By Nelson Renteria
SAN SALVADOR (Reuters) -El Salvador on Friday pulled out of an anti-corruption accord with the Organization of American States (OAS) in protest at an OAS decision to take on as an adviser an opposition politician under investigation, and also ordered his arrest.
The announcement was the latest in a series of moves on anti-corruption efforts in Central America that have caused dismay inside the U.S. government, which is attempting to get leaders in the region to redouble efforts to root out graft.
U.S. officials see corruption as one of the root causes of undocumented immigration, along with poverty and gang violence, and want to make sure some $4 billion in aid pledged for the region does not fall prey to graft.
But some Central American leaders have been pushing back on the Biden administration’s anti-corruption strategy.
On Thursday, OAS Secretary General Luis Almagro said that Ernesto Muyshondt, mayor of San Salvador between 2018 and 2021, is to become an adviser to his office, without giving details.
Muyshondt, a member of the right-wing ARENA party, and vocal critic of President Nayib Bukele, is under investigation by prosecutors over accusations that he made a deal benefiting gangs in exchange for votes in the 2014 presidential elections.
Attorney General Rodolfo Delgado said he was breaking with the International Commission against Impunity in El Salvador (CICIES), which was created under Bukele in agreement with the OAS in September 2019, slamming Muyshondt’s OAS role.
The president followed suit.
“We’ve decided the presidency is also going to break our agreement with the OAS CICIES because it’s nonsense for us trying to fight impunity with the very people who are promoting impunity in El Salvador,” Bukele told a news conference.

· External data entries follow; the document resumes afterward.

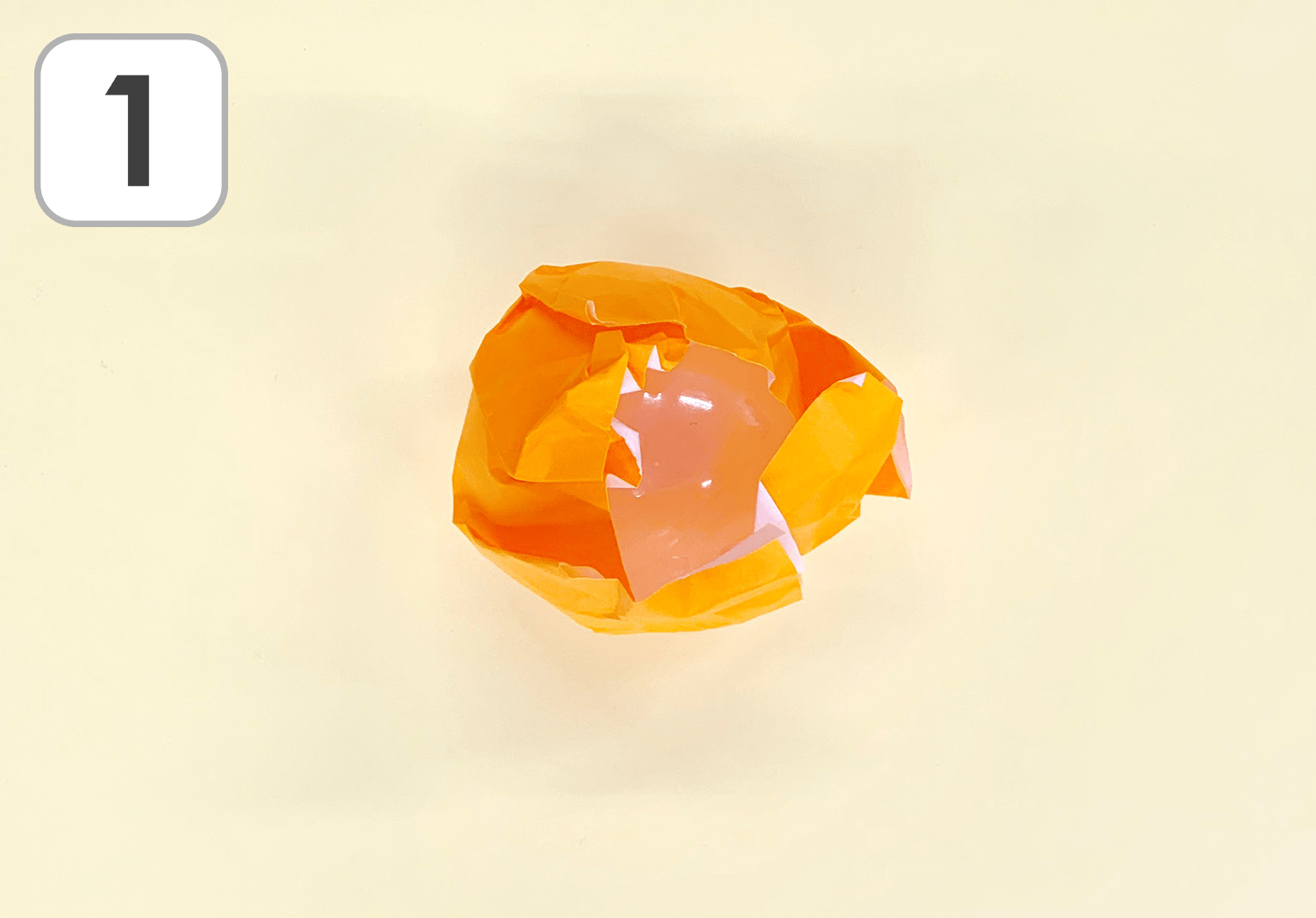 ①オレンジのおりがみでガチャガチャカプセルを包みます。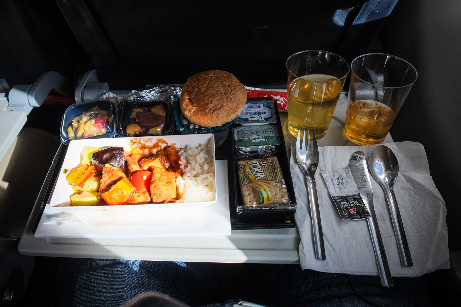 Вот так кормит Туркиш на сегменте Рим-Стамбул (справа виски Ballantines).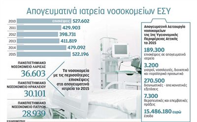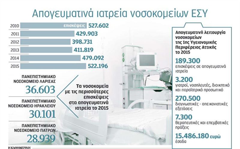 Το 2015 τις περισσότερες επισκέψεις στα απογευματινά ιατρεία των νοσοκομείων της Αθήνας δέχθηκε το εξειδικευμένο στα δερματικά και αφροδισιολογικά νοσήματα «Ανδρέας Συγγρός» (26.711 επισκέψεις) και ακολούθησαν το ΚΑΤ που έχει ειδικό προσανατολισμό στα ορθοπεδικά περιστατικά (20.919 επισκέψεις) και το «Ελενα Βενιζέλου» (16.667 επισκέψεις), αφήνοντας πίσω το Γενικό Κρατικό Αθηνών (16.206 επισκέψεις) και τον «Ευαγγελισμό» (11.743). Ωστόσο ο «Ευαγγελισμός» είναι ο πρωταθλητής των εσόδων από την απογευματινή λειτουργία, όχι όμως λόγω των επισκέψεων στους γιατρούς, αλλά λόγω των ακριβών διαγνωστικών-απεικονιστικών εξετάσεων. Από τα 15,5 εκατομμύρια ευρώ έσοδα από τα απογευματινά των νοσοκομείων της Αθήνας, τα 3 εκατομμύρια ευρώ είναι του «Ευαγγελισμού», που είναι και το μόνο νοσοκομείο ΕΣΥ στο Λεκανοπέδιο που διαθέτει PET-CT (τομογραφία εκπομπής ποζιτρονίων).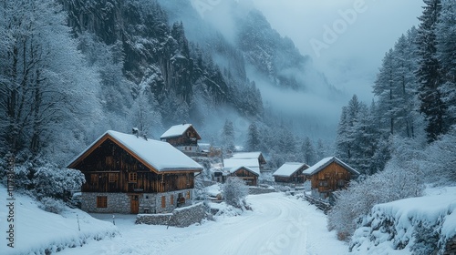 Naklejka premium Wooden mountain houses covered by snow during winter in the alps

Muyshondt has denied the allegations. On Friday afternoon, during a hearing attended by Muyshondt, a judge ordered him to be put under house arrest over the gangs case, authorities said.

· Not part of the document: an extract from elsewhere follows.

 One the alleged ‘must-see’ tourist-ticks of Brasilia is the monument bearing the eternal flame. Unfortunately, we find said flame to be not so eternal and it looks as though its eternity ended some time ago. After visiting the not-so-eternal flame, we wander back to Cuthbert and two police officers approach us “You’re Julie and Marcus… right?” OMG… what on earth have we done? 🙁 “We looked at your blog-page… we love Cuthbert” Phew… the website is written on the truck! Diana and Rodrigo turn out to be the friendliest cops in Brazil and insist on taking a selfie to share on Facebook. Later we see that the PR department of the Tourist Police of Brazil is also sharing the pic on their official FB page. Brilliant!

Not long after, Salvadoran police said it had arrested Muyshondt on charges linked to misappropriation of tax revenues.
Muyshondt, who had previously denied wrongdoing on the tax charges too, said on Twitter he was now a “political prisoner” of a “dictatorial and authoritarian regime” he had stood up to.
Bukele said he would not work with the OAS to fight graft but would find some other international organization instead.

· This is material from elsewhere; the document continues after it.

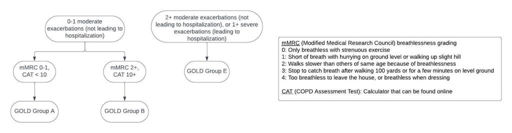 - Pharmacologic management is based on the patient’s Global Initiative for Chronic Obstructive Lung Disease (GOLD) classification. Examples of medications provided below (2)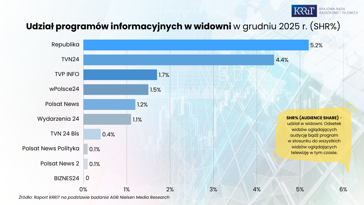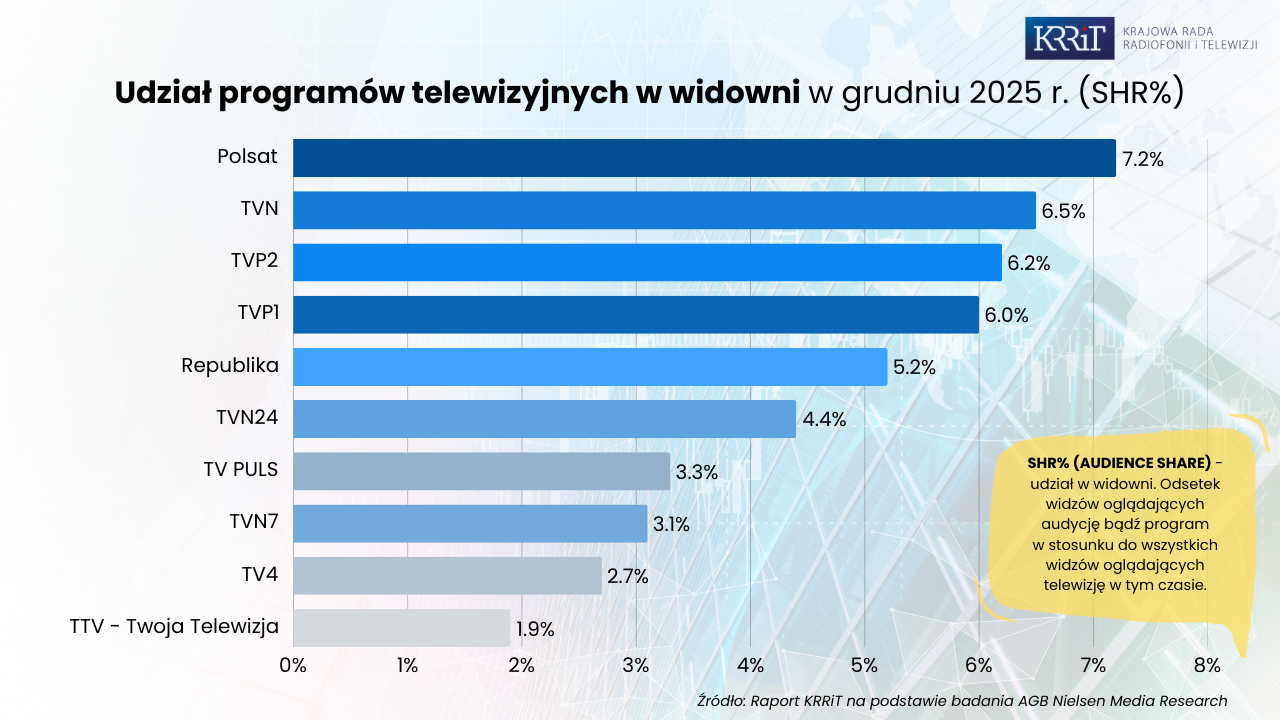 Oglądalność programów i audycji telewizyjnych w grudniu 2025 - raport KRRiT

“Something that, seeing how the waters are moving in the international community, and seeing all the rubbish and rot that’s behind these institutions, will definitely be difficult, but we’ll manage it,” said the 39-year-old Bukele.
The U.S. embassy in El Salvador expressed regret over the decision after Delgado’s initial announcement.
“The fight against corruption is essential and fundamental. We will continue to look for ways to reduce and combat corruption and impunity,” it said on its Twitter account. Washington donated $2 million to CICIES in April.
The OAS office in El Salvador declined to comment.